## Exercise aim
Copy out the whole listing exactly as given. Skip the pictures.

*** Opening Collected data ***

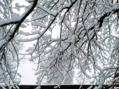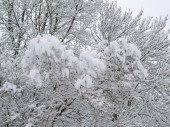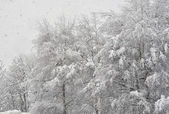 Piękny zimowy krajobraz, pokryte śniegiem drzewa w parku.
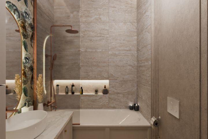 Необходимо было срочно в течение 1 дня визуализировать ванную комнату с учётом пожеланий заказчика по материалам отделки и референсам
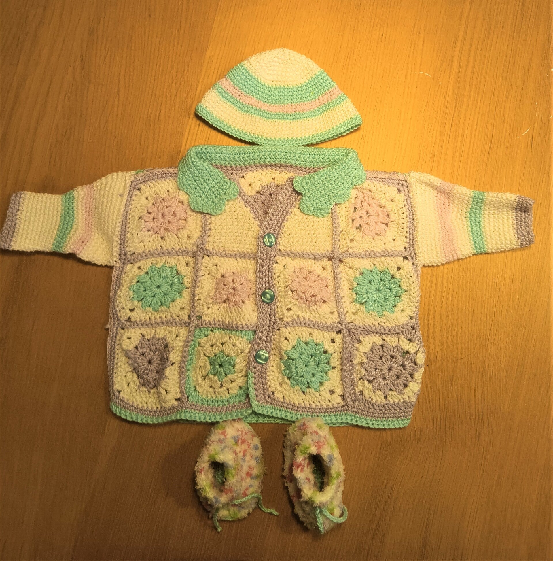 Diese wunderbare Babydecke besteht aus bunten Granny Squares.

*** Closing Collected data ***

## Completed exercise
 Piękny zimowy krajobraz, pokryte śniegiem drzewa w parku.
 Необходимо было срочно в течение 1 дня визуализировать ванную комнату с учётом пожеланий заказчика по материалам отделки и референсам
 Diese wunderbare Babydecke besteht aus bunten Granny Squares.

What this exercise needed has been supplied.